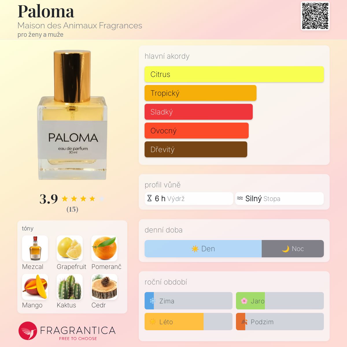 Paloma podle Maison des Animaux Fragrances je vůně pro ženy a muže. Toto je nová vůně. Paloma byl/a uveden/a v roce 2025. Vrchní tóny jsou Růžový grapefruit, Sladký pomeranč, Zelené mango a Kaktus; základní tóny jsou Mezcal a Texaský cedr.
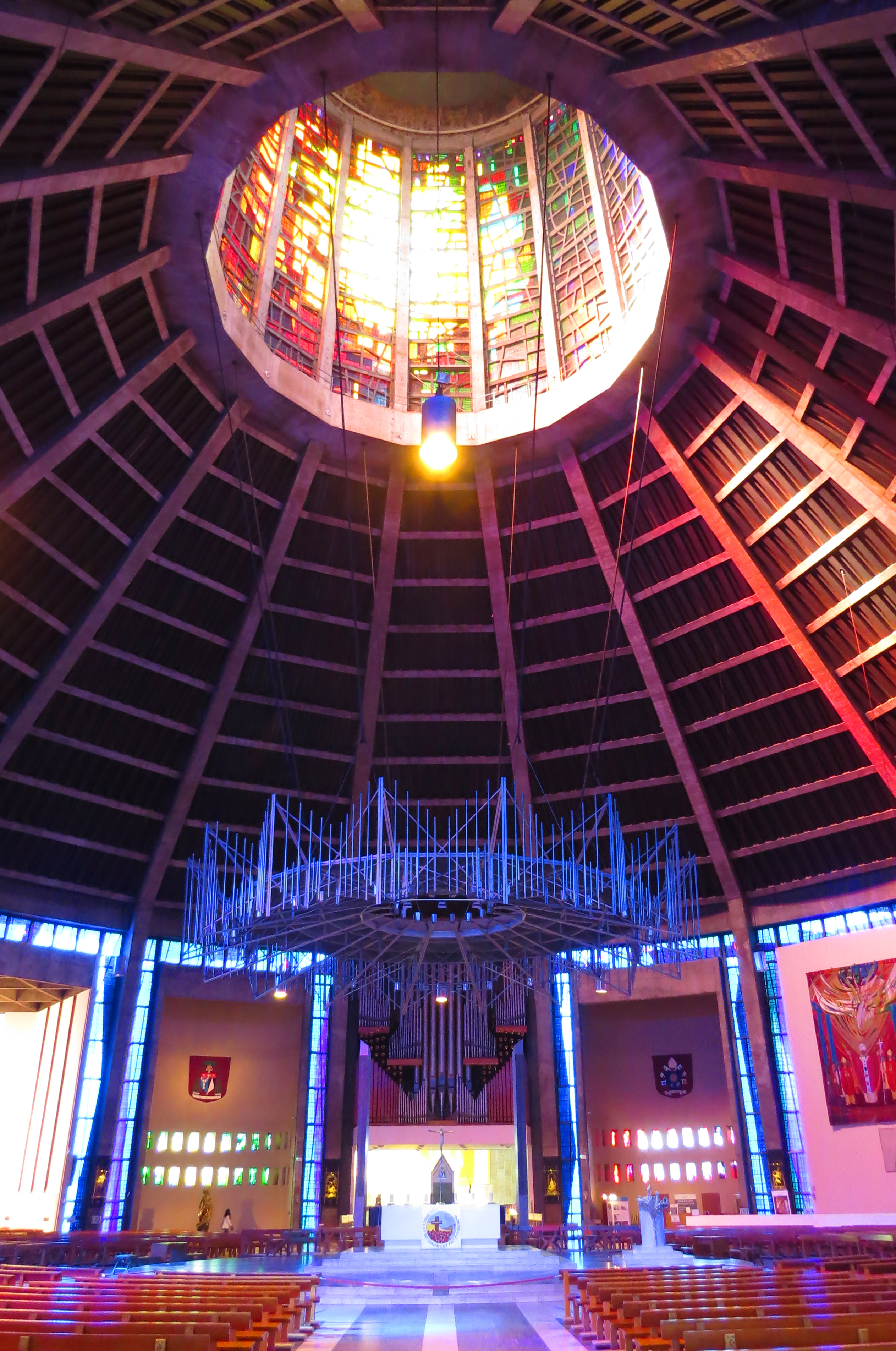 The circular design and the beautiful colours are quite breathtaking. Again from Wikipedia: ‘officially known as the Metropolitan Cathedral of Christ the King,[it] is the seat of the Archbishop of Liverpool and the mother church of the Roman Catholic Archdiocese of Liverpool in Liverpool, England. The Grade II Metropolitan Cathedral is one of Liverpool’s many listed buildings. To distinguish it from the Anglican Liverpool Cathedral, locals call it the “Catholic Cathedral.” Nicknames for the building include “Paddy’s Wigwam” and “The Mersey Funnel.” Unlike the Anglian one, construction was rapid, starting in 1962 and completed by 1967 although the site was purchased as long ago as 1930.
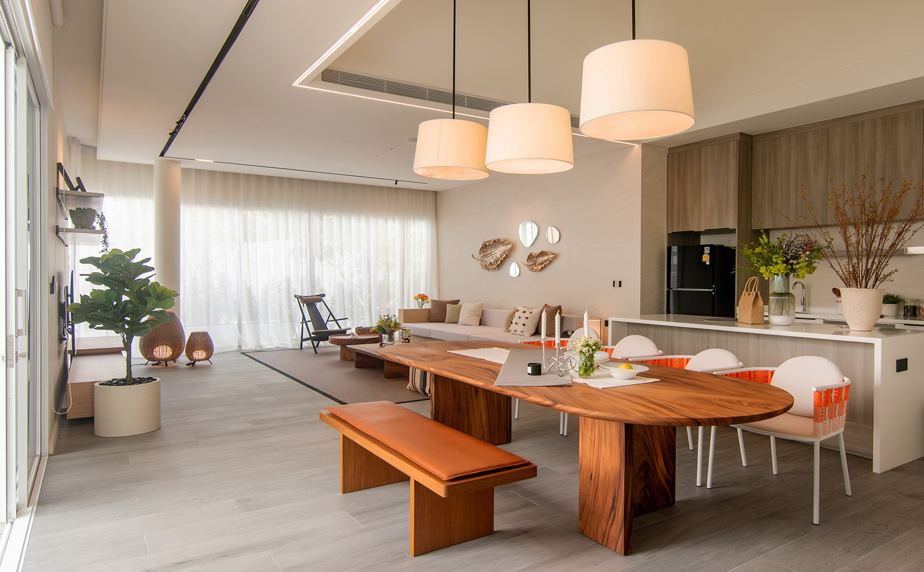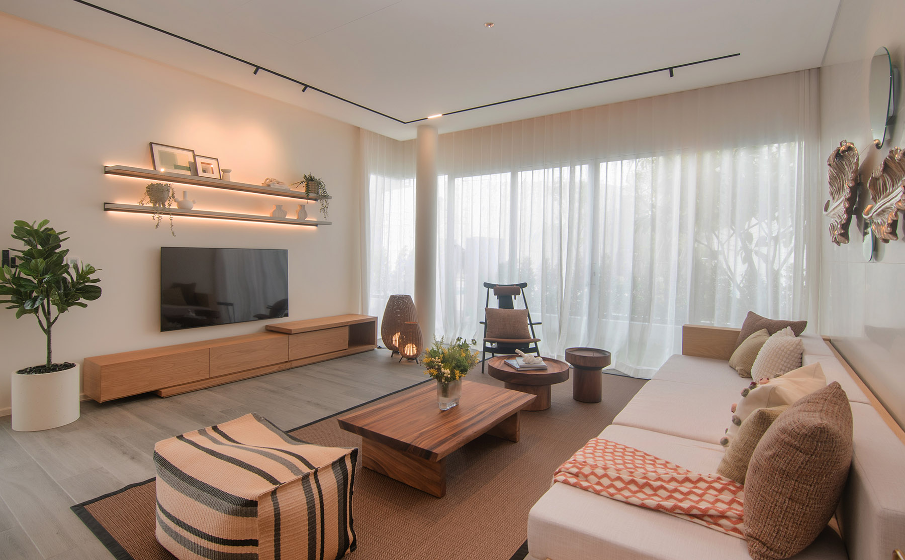 Inspired by simple and charming spirit of Northern Thailand’s Lanna heritage house, Veranda High Residence features a clean contemporary design that blends in with the building’s architectural language and surrounded valley site context. Selected wooden furniture, local artifacts and handcrafted accessories have been carefully sourced from local Chiangmai craftsmen to be featured in the 2-3 bedrooms unit and private villas in a mute palette.
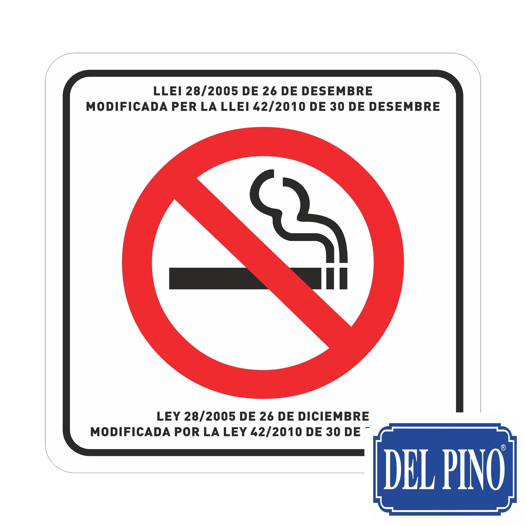 Señal Ley antitabaco: Logo de prohibido fumar Catalán y Castellano. Con referencia a la Ley 28/2005 de 26 de diciembre modificada por la Ley 42/2010 de 30 de septiembre.
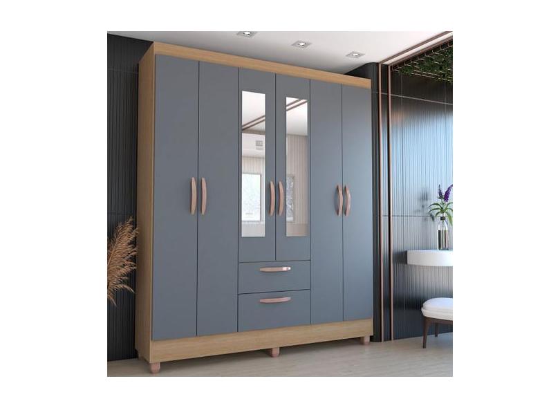 Guarda-Roupa Solteiro Virtuoso 6 Portas 2 Gavetas com Espelho Canelato
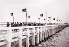 De notabelen wandelen het vernieuwd westelijk staketsel in na de inhuldiging,midden eerste rij burgemeester Hendrik SERRUYS.
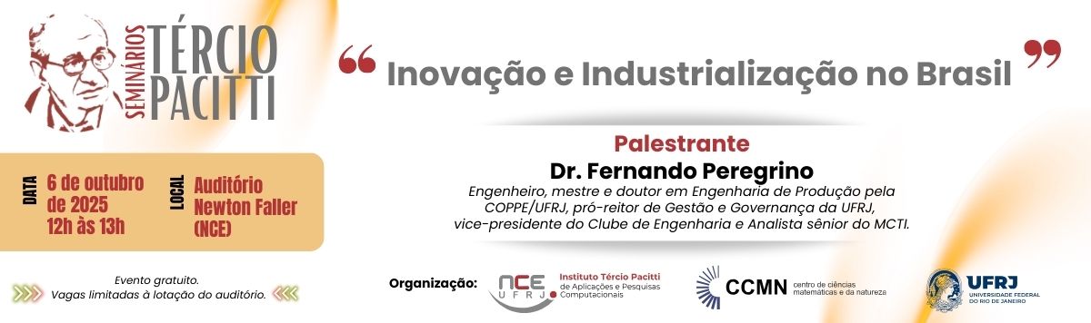 A palestra acontecerá às 10h, no Auditório Maria Irene Mello do Instituto Tércio Pacitti de Aplicações e Pesquisas Computacionais (NCE/UFRJ), localizado no Prédio do CCMN.
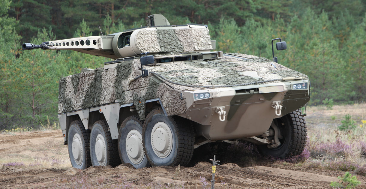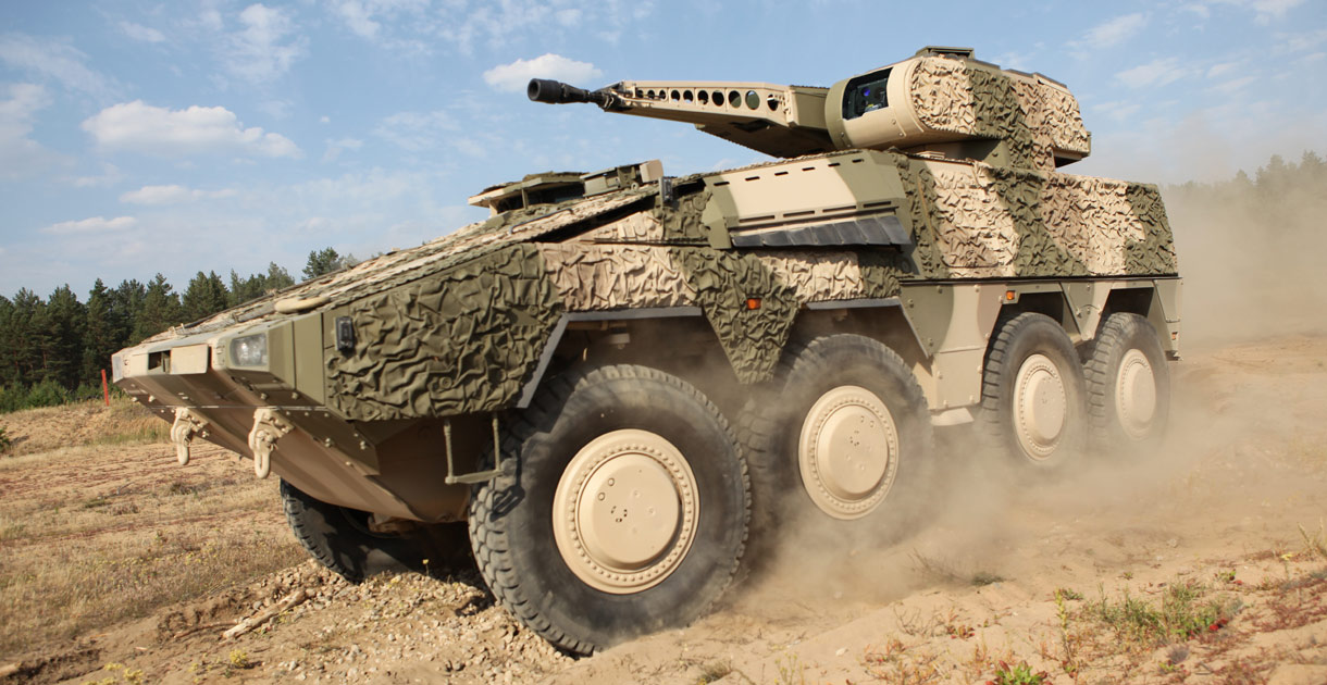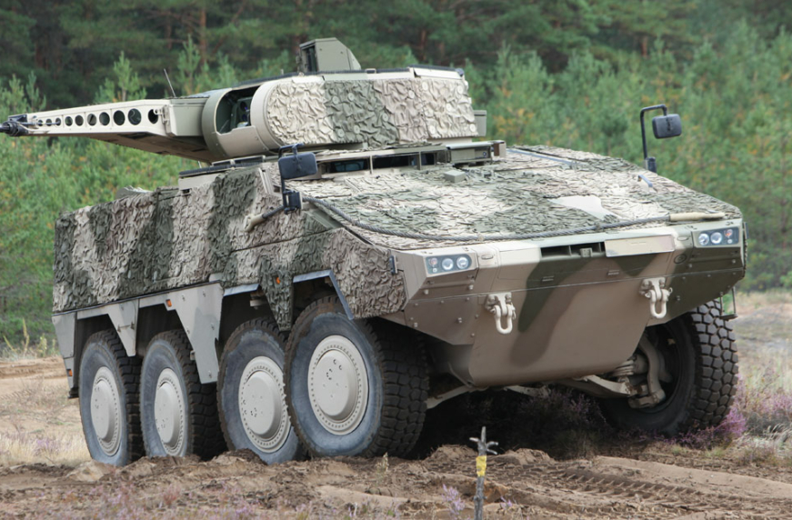 Эти машины 8х8 оснащены дистанционно управляемым боевым модулем с 30-мм автоматической пушкой (с возможностью программируемого подрыва снарядов прямо на лету) и двумя 7,62-мм пулеметами MG5. Экипаж составляет 3 чел., десант – 7 чел. Боевая масса – 38,5 т. Boxer оснащается турбодизелем MTU V8 мощностью 815 л. с. и имеет максимальную скорость 100 км/ч.
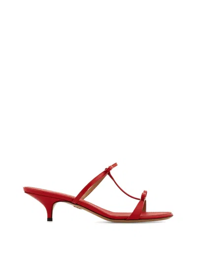 FERRAGAMO Abili Patent T-strap Slide Sandals In Flame Red
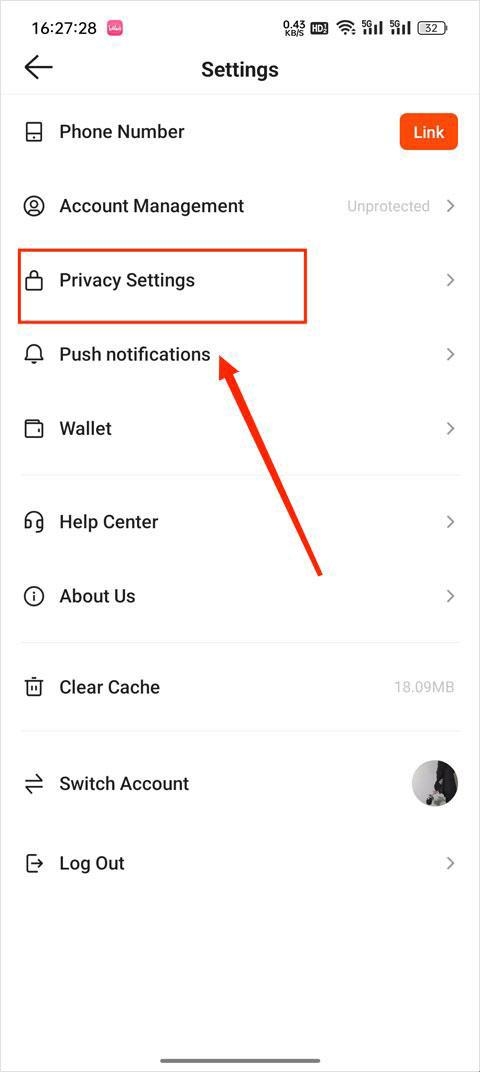 3、进入设置界面后,点击【Privacy Settings】隐私设置;
++++++++++++++++++++
The problem:
The reply needs to repeat exactly the line containing "Señal Ley antitabaco: Logo" and each line after it, through the final line of the entries above, and to skip the pictures.

Response to the task:
 Señal Ley antitabaco: Logo de prohibido fumar Catalán y Castellano. Con referencia a la Ley 28/2005 de 26 de diciembre modificada por la Ley 42/2010 de 30 de septiembre.
 Guarda-Roupa Solteiro Virtuoso 6 Portas 2 Gavetas com Espelho Canelato
 De notabelen wandelen het vernieuwd westelijk staketsel in na de inhuldiging,midden eerste rij burgemeester Hendrik SERRUYS.
 A palestra acontecerá às 10h, no Auditório Maria Irene Mello do Instituto Tércio Pacitti de Aplicações e Pesquisas Computacionais (NCE/UFRJ), localizado no Prédio do CCMN.
 Эти машины 8х8 оснащены дистанционно управляемым боевым модулем с 30-мм автоматической пушкой (с возможностью программируемого подрыва снарядов прямо на лету) и двумя 7,62-мм пулеметами MG5. Экипаж составляет 3 чел., десант – 7 чел. Боевая масса – 38,5 т. Boxer оснащается турбодизелем MTU V8 мощностью 815 л. с. и имеет максимальную скорость 100 км/ч.
 FERRAGAMO Abili Patent T-strap Slide Sandals In Flame Red
 3、进入设置界面后,点击【Privacy Settings】隐私设置;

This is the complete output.